Tener el culo pegado al asiento no era una buena idea; pero había gente mirando. Además, era un auditorio, no una sala de conciertos, un campo de fútbol o una plaza de toros. Uno debía conformarse con mover tímidamente la cabeza, golpear con las manos (y sin hacer mucho ruido) las rodillas y mover los pies como si sufriera un tic nervioso. Fue una auténtica liberación cuando Humberto Armas, viola, dio un paso adelante para pedir palmas al respetable mientras el maestro brincaba por el escenario al son de Misirlou. Y es que ya lo dijo él mismo en una entrevista: lo intentó por todos los medios y durante unos cuantos años, pero nunca consiguió ser un «músico arrogante y estirado»; así que su espectáculo, La increíble historia de Violín -cargada de melodías clásicas y 'barroquísimas'-, tampoco lo es.

Quizá por eso Ara Malikian, violinista libanés de ascendencia armenia, llenó este domingo el Víctor Villegas; quizá por eso, la música clásica estuvo más cerca que nunca del 'pueblo llano'. Y quizá por eso el cuerpo te pedía levantarte de tu asiento y bailar. Porque este desarrapado y virtuoso instrumentista parece más cercano a Led Zeppelin que a Niccolò Paganini; y aunque interpretara temas de ambos (Kashmir y La Campanella), su presencia sobre el escenario no difiere mucho a la de las más excéntricas estrellas del rock. Es inevitable ver en él un reflejo de su compatriota Serj Tankian (System of a Down), con quien incluso guarda un cierto parecido físico -aunque tan solo sea porque 'frecuenten' al mismo peluquero...-, y su vertiginoso deambular por el escenario recuerda irremediablemente al mejor Ian Anderson (Jethro Tull). Pero desde luego no se asemeja a un violinista clásico, de traje, atril y chaqueta; ni siquiera al alemán David Garrett.

Al igual que el violinista germano -la antítesis pulcra y elegante de Malikian-, Ara se mete al público en el bolsillo con covers de algunos de los dioses más aclamados del olimpo del rock (casos de Life On Mars?, de Bowie, o Voodoo Child, de Hendrix), pero aprovecha para pasar al público, casi bajo manga, sinfonías de Bach o Vivaldi; y, «como estamos en tiempo de rebajas», algún tema propio que ayuda a componer una historia, la de Violín (su violín), que además de bella es endiabladamente divertida, en parte gracias a su carismático narrador, que lo mismo te toca un réquiem psicodélico que te hace un monólogo tronchante.

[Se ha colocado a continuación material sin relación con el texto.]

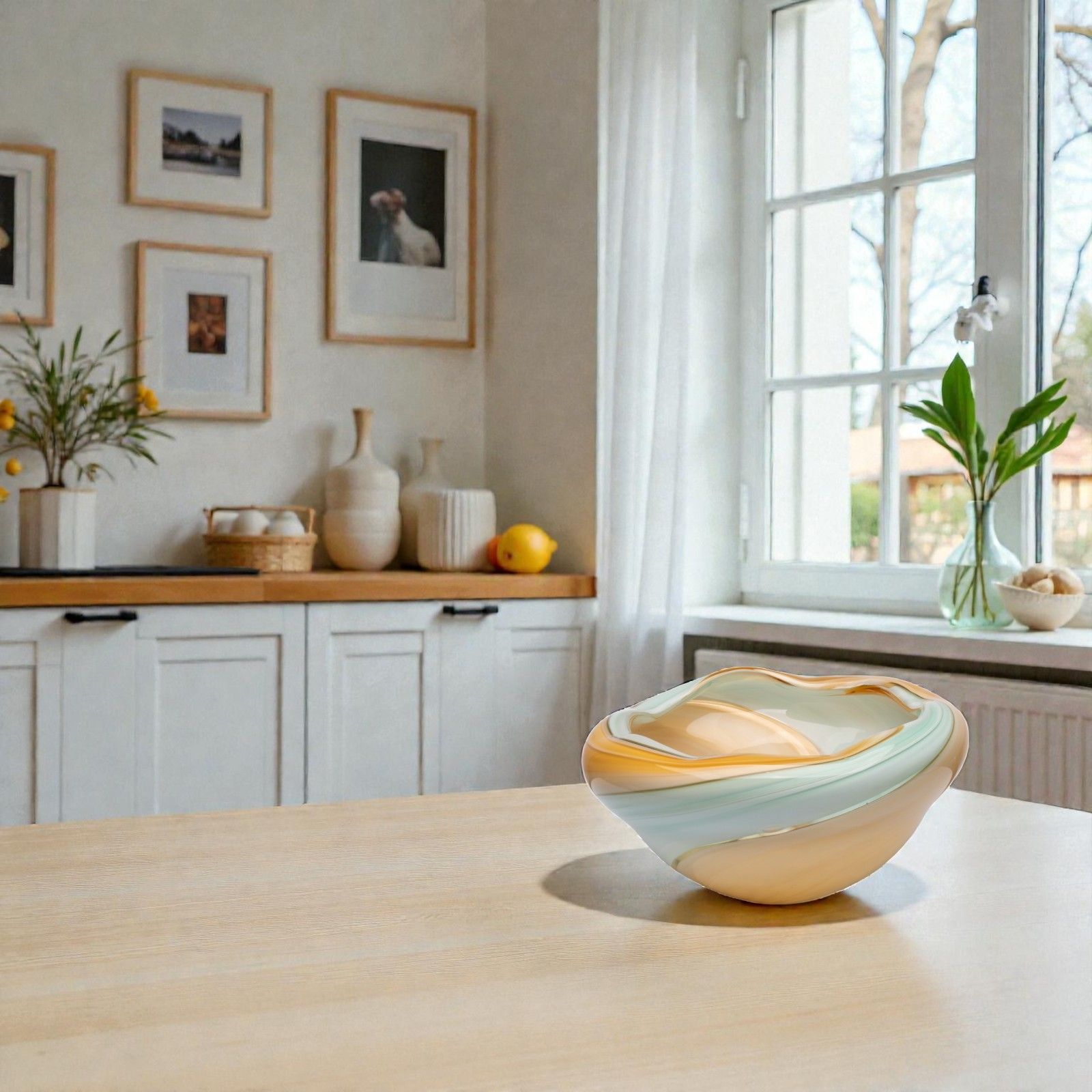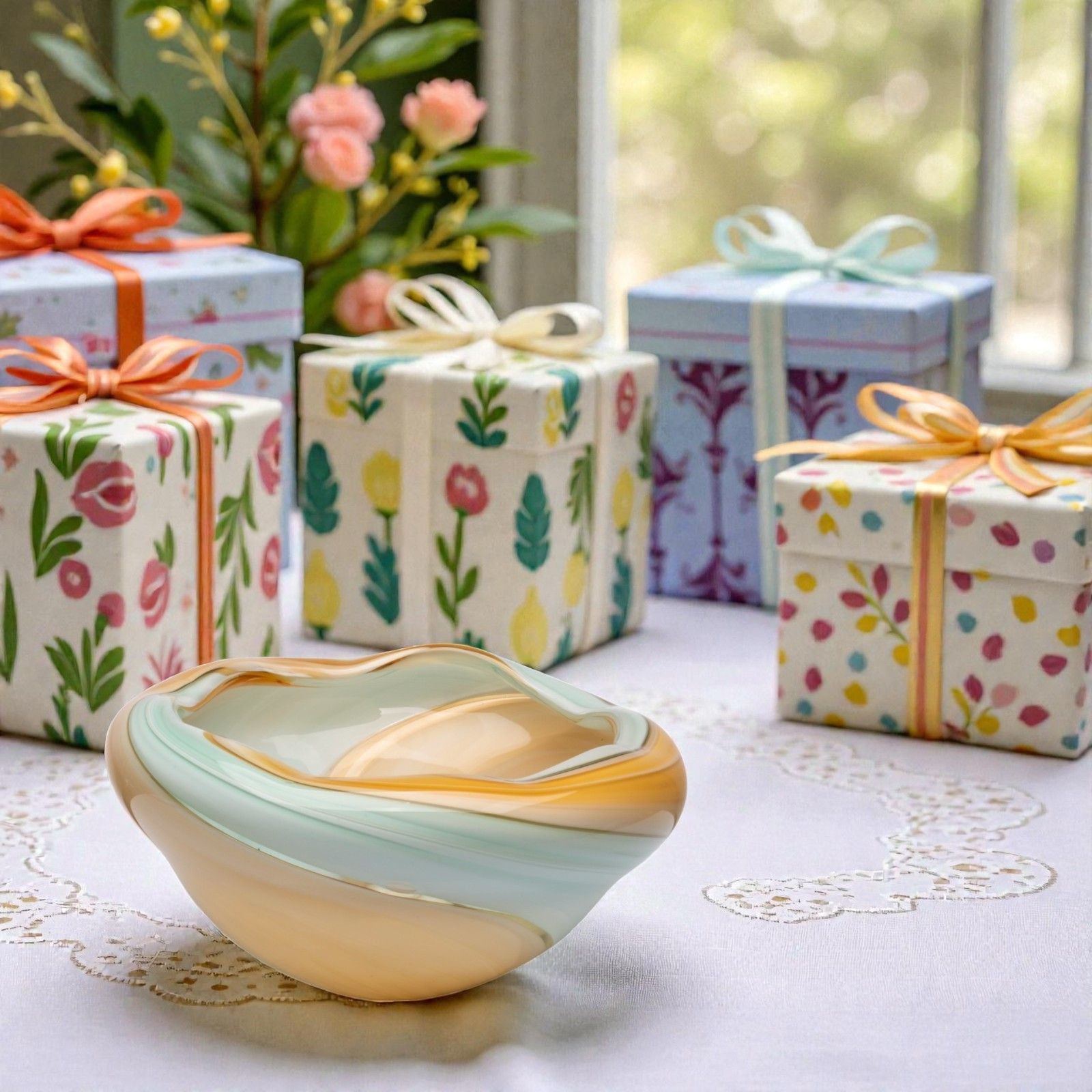 Scopri il nostro centrotavola in vetro soffiato, un'elegante bomboniera che incarna la magia delle nozze. Questo raffinato pezzo, realizzato a mano, non è solo un oggetto decorativo, ma un simbolo di amore e condivisione. Ogni volta che i tuoi ospiti lo utilizzeranno, ricorderanno quel giorno speciale, sentendosi parte di un momento che rimarrà impresso nel cuore.

Con todo esto, y después de más de tres horas de concierto en el que él y su banda lo dejaron todo sobre el escenario, no quedaba más remedio que ponerse en pie y aplaudir el recital; aplaudir firmes y con semblante serio, como se hace con las grandes Sinfónicas. Porque, al final, lo que hizo Ara en el Villegas fue darnos a todos una clase de música clásica, aunque camuflada en forma con la estética de las grandes bandas de rock. Y qué gusto ver todo el patio de butacas, el anfiteatro y los gallineros en pie por algo así; y levantarse, porque ya picaba el cucu de reprimirse las ganas de bailar con Paganini.